To be sure, the hearing officer in Lacy's case found that (1) the truck suddenly and improperly stopping caused Lacy to apply the brakes to avoid a collision and (2) the video did not clearly show (as Director Brown had claimed in the City's request for a formal disciplinary hearing) that Lacy "had ample time and distance to slow down and stop." But the hearing officer also found that the truck turned into Lacy's lane "at an undetermined 12 distance" in front of her bus and that she "did not reduce her speed upon seeing the truck" turn into her lane.
Moreover, Director Brown's supplemental notice of disciplinary action, advising Lacy of her termination, indicates that the City's decision to uphold her termination relied on, rather than refused to accept, the hearing officer's Findings of Fact. Specifically, Director Brown's supplemental notice cited several of the hearing officer's fact findings, including that (1) the truck turned onto the road "at an undetermined distance from [Lacy's] bus," (2) "the truck's pulling out . . . did not cause [Lacy] to have to slam on the brakes," (3) that Lacy failed to slow down when she first saw the truck pull into her lane, and (4) she had three prior incidents of unsafe driving for which she already had been disciplined. Director Brown concluded from these fact findings that Lacy's action in slamming on the brakes and causing injuries was unsafe.

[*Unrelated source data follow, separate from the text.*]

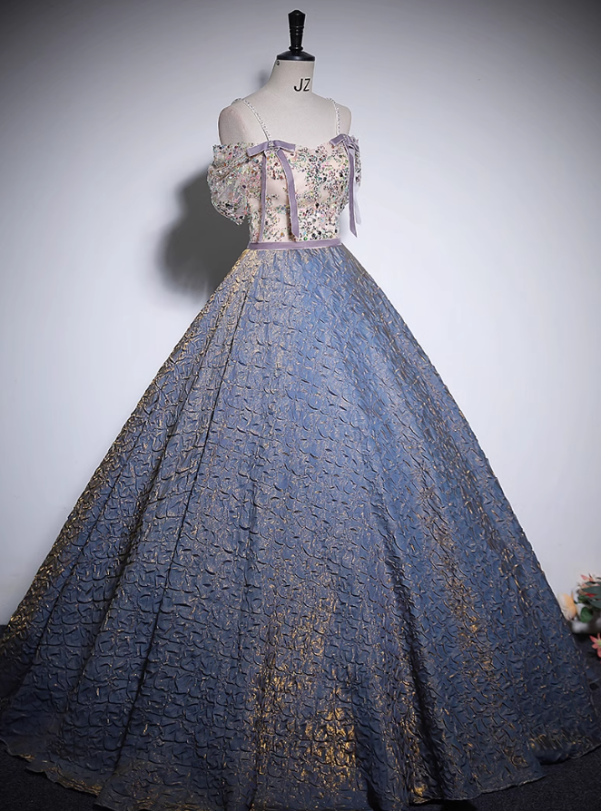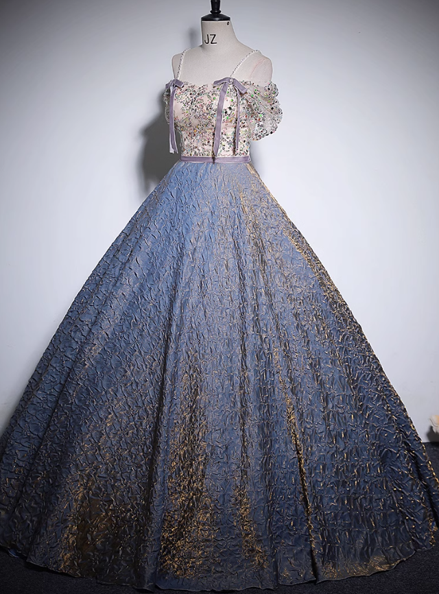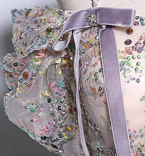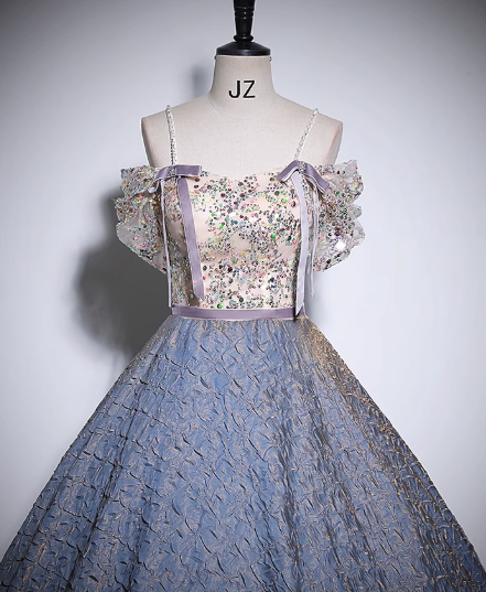 Niulatu A-line off-shoulder tulle sequined long prom dress, purple evening dress HZ1108
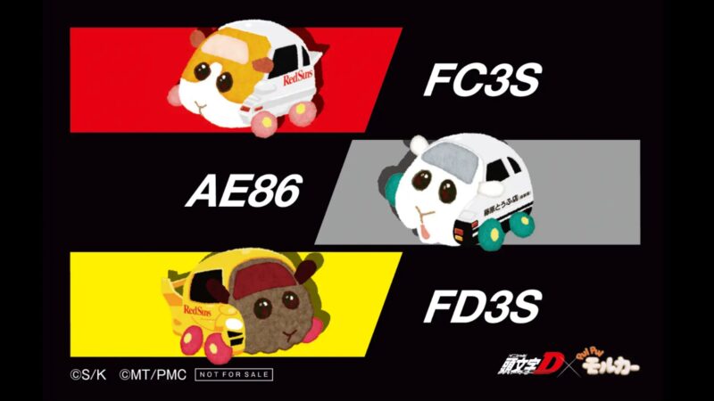 這次聯動最吸睛之處,在於《頭文字D》作品中多款代表性車款都將化身成《天竺鼠車車》的模樣登場。無論是藤原拓海所駕駛,象徵日本山道甩尾文化的AE86,或者是RX-7 FC、FD等經典轉子跑車,都以天竺鼠車車的可愛造型重新詮釋。其中AE86採用熟悉的黑白熊貓塗裝,而RX-7 FC、FD 則忠實還原RedSuns車隊的招牌貼紙元素與配色,在保有速度與競技象徵的同時,也多了一份讓人會心一笑的可愛感,形成又帥又萌的反差魅力。
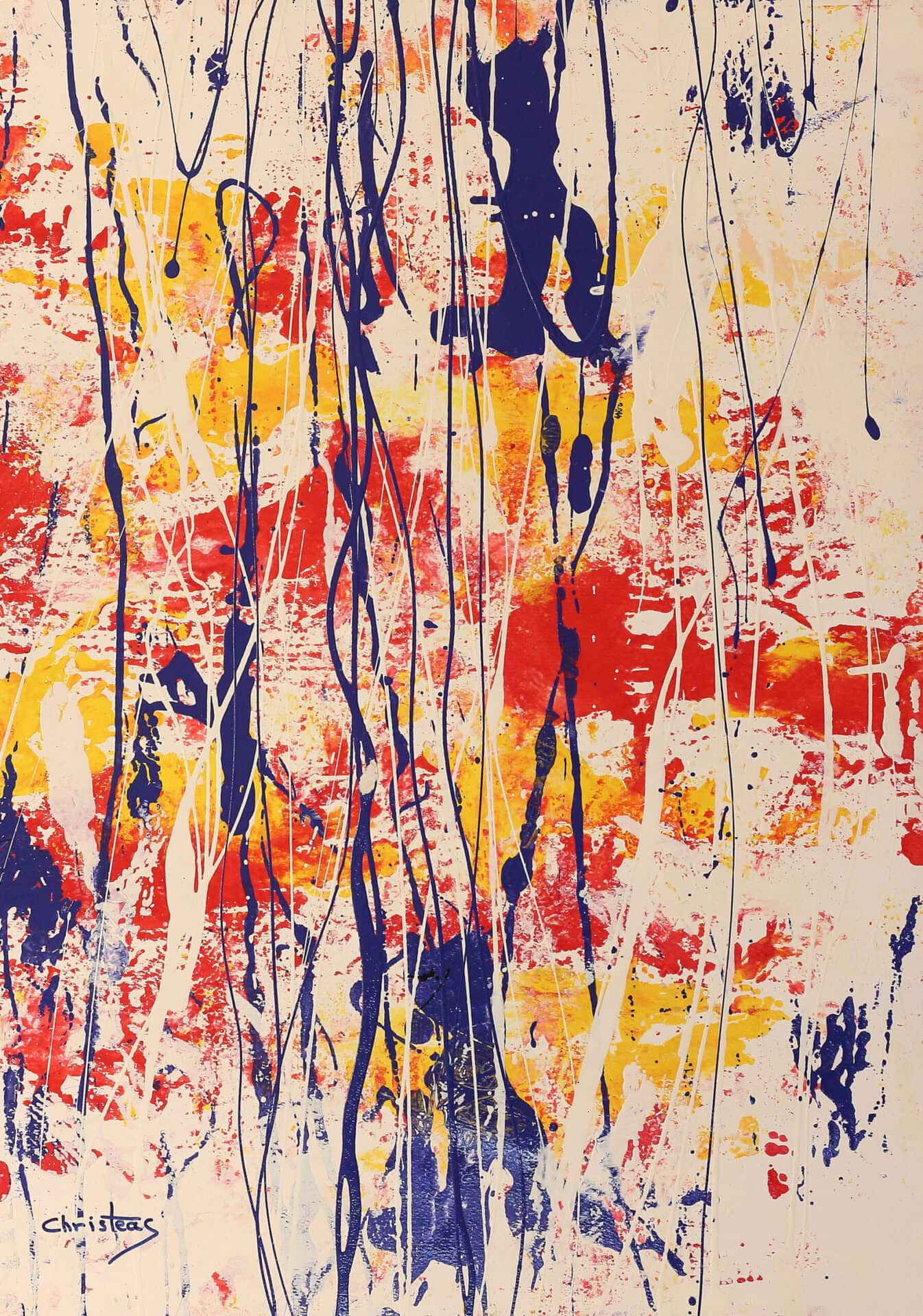 Original Abstract Painting – Syntagma Square –– The โImpressions of the Parthenonโ Series by Gregory Christeas was inspired by memories of the Parthenonโa timeless symbol of light, form, and endurance. Painted with industrial oils on heavyweight paper, these works capture shifting reflections and bold abstractions that evoke both sea and stone. More than twenty paintings emerged from this vision, first exhibited at the Cultural Olympiad in Athens, 2004. Original Abstract Painting – Syntagma Square engages in a dialogue between history and modernity, balancing strength with fluidity, permanence with change. Vibrant textures invite viewers to look beyond the surface, revealing emotional depth and a resonance that evolves with time and light.

In sum, the exhibits attached to Lacy's amended complaint affirmatively show that the City did not refuse to accept the hearing officer's Findings of Fact in her case. Thus, her amended complaint failed to allege that she was treated less favorably than a similarly situated individual outside of her protected class. Given that Lacy's amended complaint did not allege any other facts, much less a mosaic of circumstantial evidence, from which the court could reasonably infer more than the mere possibility that the City discriminated against her because of her sex, the district court properly dismissed her Title VII discrimination claim under Rule 13
12(b)(6). See Iqbal, 556 U.S. at 679; Catastrophe Mgmt. Sols., 852 F.3d at 1023.